BRIEF DESCRIPTION OF THE DRAWINGS

FIG. 1 is a schematic flowchart diagram illustrating a Kalman-filter-based adaptive microphone array noise reduction method according to an embodiment of the present application.

FIG. 2 is a schematic diagram illustrating a relationship between microphones and noise sources according to an embodiment of the present application.

FIG. 3 is a schematic structural diagram illustrating a Kalman-filter-based adaptive microphone array noise reduction apparatus provided by an embodiment of the present application.

DETAILED DESCRIPTION OF THE INVENTION

Below, in conjunction with the drawings in the embodiments of the present application, a clear and comprehensive description of the technical solutions in the embodiments of the present application will be provided. Clearly, the described embodiments are only a portion of the embodiments of the present invention, not all of the embodiments.

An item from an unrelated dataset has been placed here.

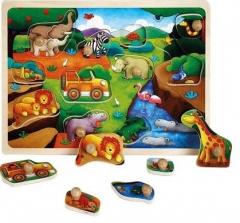Układanka drewniana Safari z dużymi pinezkami. Dla dzieci w wieku od 10 miesięcy

Based on the embodiments of the present application, all other embodiments obtained by those skilled in the art without creative effort fall within the scope of protection of the present application.

As shown in FIG. 1 , an embodiment of the present application provides a Kalman-filter-based adaptive microphone array noise reduction method, including:

- Step S1, acquiring an input signal at each time instance; wherein the input signal at each time instance contains target speech and interfering noise;
- Step 2, establishing a superdirective filter model, and then filtering the input signal for each time instance based on the superdirective filter model to generate a first reference signal for each time instance;
- Step 3, establishing a beamforming filter model, and then filtering the input signal for each time instance based on the beamforming filter model to generate a second reference signal for each time instance;
- Step 4, establishing a Kalman filter model as well as a process equation and a measurement equation corresponding to the Kalman filter model for each time instance; generating a Kalman gain for each time instance based on an error corresponding to the process equation and an error corresponding to the measurement equation at each time instance to allow the Kalman filter model, based on the Kalman gain at each time instance, to eliminate the interfering noise from the first reference signal and the second reference signal for each time instance and to generate a final output signal for each time instance.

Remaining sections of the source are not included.